Know Your Exit Options
Academic job market is tight. Know what else a rehab PhD gets you — industry roles, medical device companies, policy work. Worth knowing before you commit 5 years Surprisingly effective..
FAQ
Can you get a PhD instead of a DPT to be a physical therapist? No. To treat patients in the US you need the DPT (or older equivalent like MPT) and a license. A PhD alone doesn't qualify you for clinical practice But it adds up..

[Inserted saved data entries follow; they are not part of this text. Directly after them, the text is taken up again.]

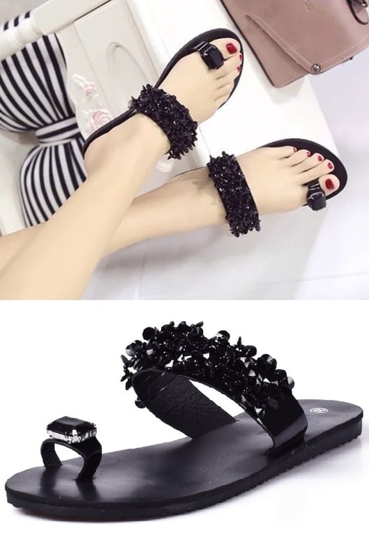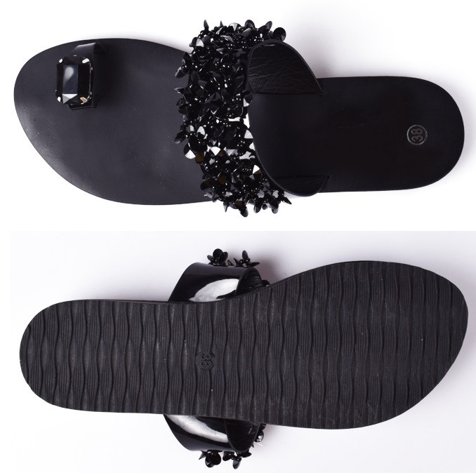 Chanclas de dedo para mujer con piedra Hoya - negras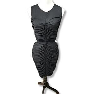 Royalty By Maluma Cut-Out Mini Dress Sleeveless Mesh Ruched Black Women's M NWT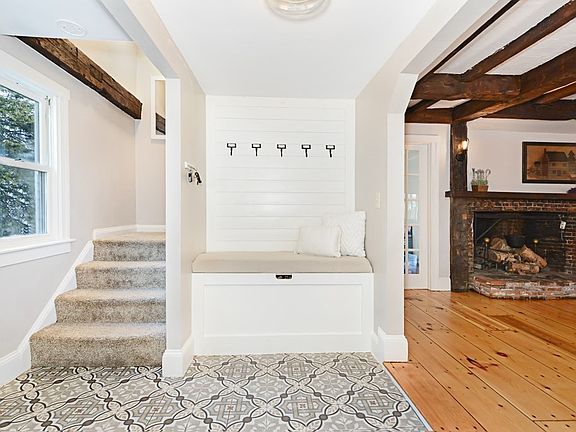 Stunning Antique Colonial beautifully updated and maintained. Situated on a quiet dead end street, this acre+ lot offers space to spread out with a huge side and rear yard. Over 2400 sq. ft. with an open floor plan and a perfect balance of charm with today's styling. Inviting fireplaced sitting area open to a renovated kitchen, SS appliances, granite counters. The sunny 4 season room addition is all glass and what a great dining room space complete with distant water views of Mill Pond! Enormous family room, beamed ceiling, pellet stove. Office/guest room, den/playroom, remodeled full bath, mudroom, rear stairway complete 1st floor. Upstairs - 3 spacious bdrms and remodeled full bath. Great bonus room used currently as a craft room. Walk-up attic. 2 car attached garages and large basement offers endless storage. Updates: heat 2008, hot water tank 2017, roof 2018, bathroom upgrades 2019, furnace liner, pellet stove 2019, Kitchen reno 2020. Minutes to commuter rail, major routes
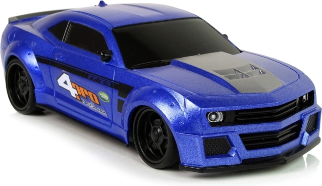 Autko ma lekką i solidną konstrukcję, sportowy design, a szary szeroki pas na masce dodaje drapieżnego charakteru. Intensywny niebieski kolor przyciąga wzrok – nie da się go przeoczyć. Sterowanie to świetna zabawa, zwłaszcza dla najmłodszych, dlatego dołączony pilot pozwala kierować małym modelem auta wyścigowego. Ma dwa oddzielne przyciski do jazdy do przodu/tyłu oraz skręcania.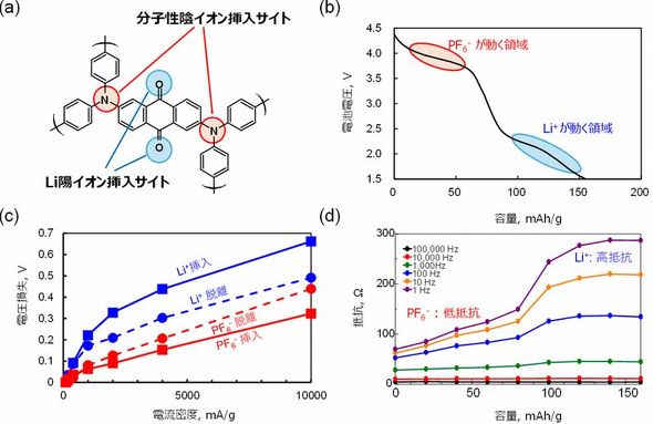 この高分子材料を用いた電極は、充放電を行う時に、高い電圧領域ではPF6-が、低い電圧領域ではLi+が、それぞれ出入りする。これらの領域でその挙動を測定し、2種類のイオンの動きを比べた。各電圧領域で電流値を変化させたところ、出入り時の電圧損失および移動に伴う抵抗は、いずれもPF6-が小さいことが分かった。これらの結果は、溶液中だけでなく固体の電極材料中でも同様に、PF6-が動きやすいことを示すものだという。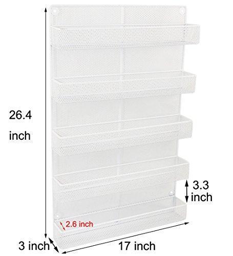 ESYLIFE 5 Tier Wall Mount Spice Rack Organizer Kitchen Spice Storage Shelf - Made of Sturdy Punching Net, White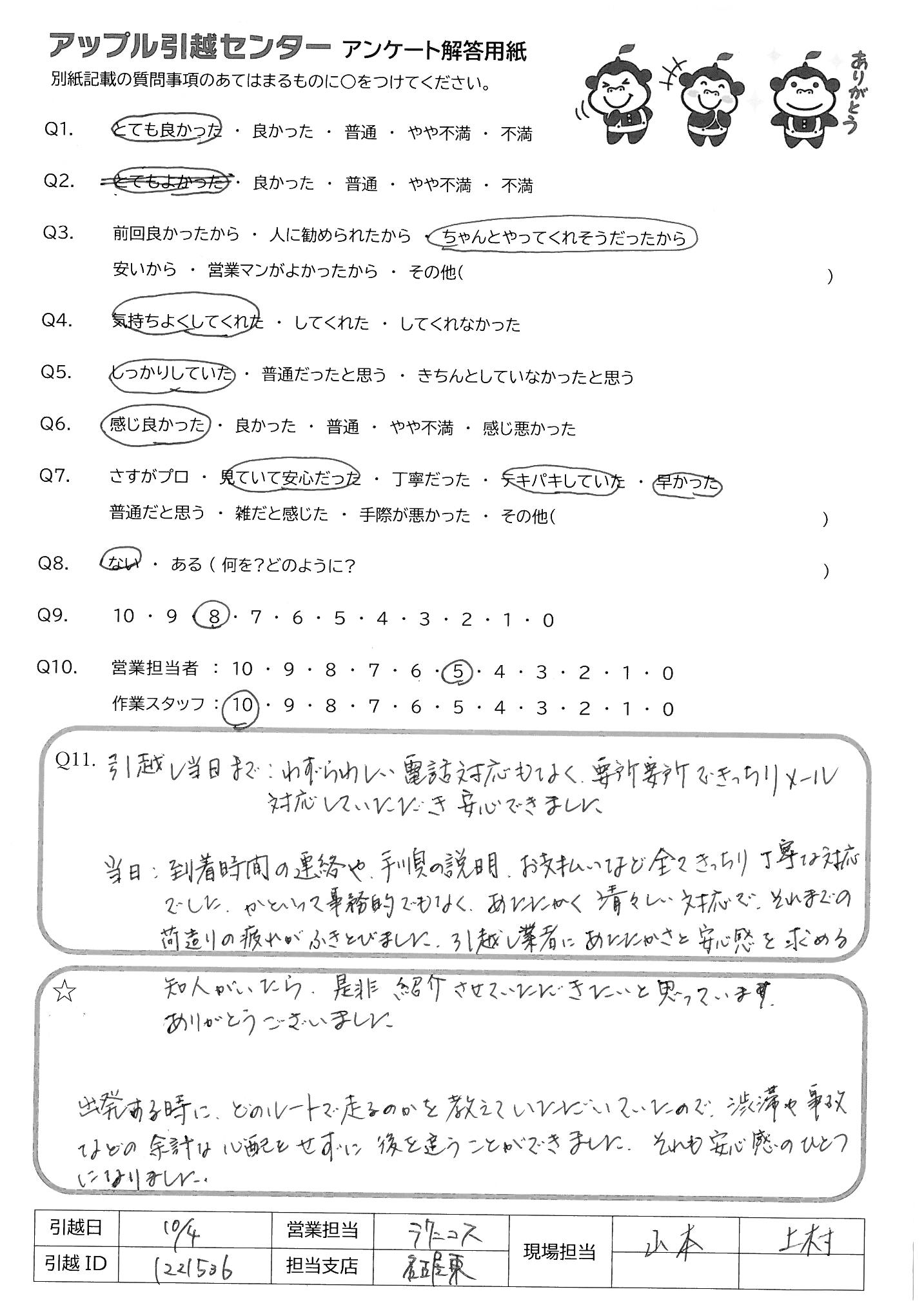 引越し日:2021年10月04日 エリア:東京都杉並区

How long does a PhD in physical therapy take? Typically 4–6 years full-time. Less if you enter with a DPT and research background, longer if you teach or fundraise alongside But it adds up..
Is a DPT a doctorate or a PhD? It's a clinical doctorate, not a PhD. Different purpose. The DPT prepares clinicians; the PhD prepares researchers The details matter here..
Do physical therapy professors need a PhD? Most tenure-track roles want a PhD or equivalent research doctorate. Some clinical faculty roles accept DPT plus experience, but the research degree helps a lot.
Can I do a PhD online? Rarely for the hands-on research parts. Some coursework is online, but the lab and dissertation need in-person mentorship. Watch for low-quality programs selling "online PhDs" in rehab — most legit ones aren't fully remote.
Wrapping Up
So can you get a phd
in physical therapy? Still, yes — but it's a research degree, not a clinical one. It won't let you treat patients on its own, and it demands a different kind of commitment than the DPT.
The decision comes down to one question: do you want to generate the evidence behind rehab, or deliver it at the bedside? Still, plenty of people do both, but the PhD path asks you to lean toward the former for years at a stretch. Go in with eyes open — funded or not, licensed or deliberately stepping away, connected to the clinic or pivoting to industry — and you'll avoid the mistakes that sink most applicants.
Pick the path that fits the work you actually want to do. Everything else is logistics.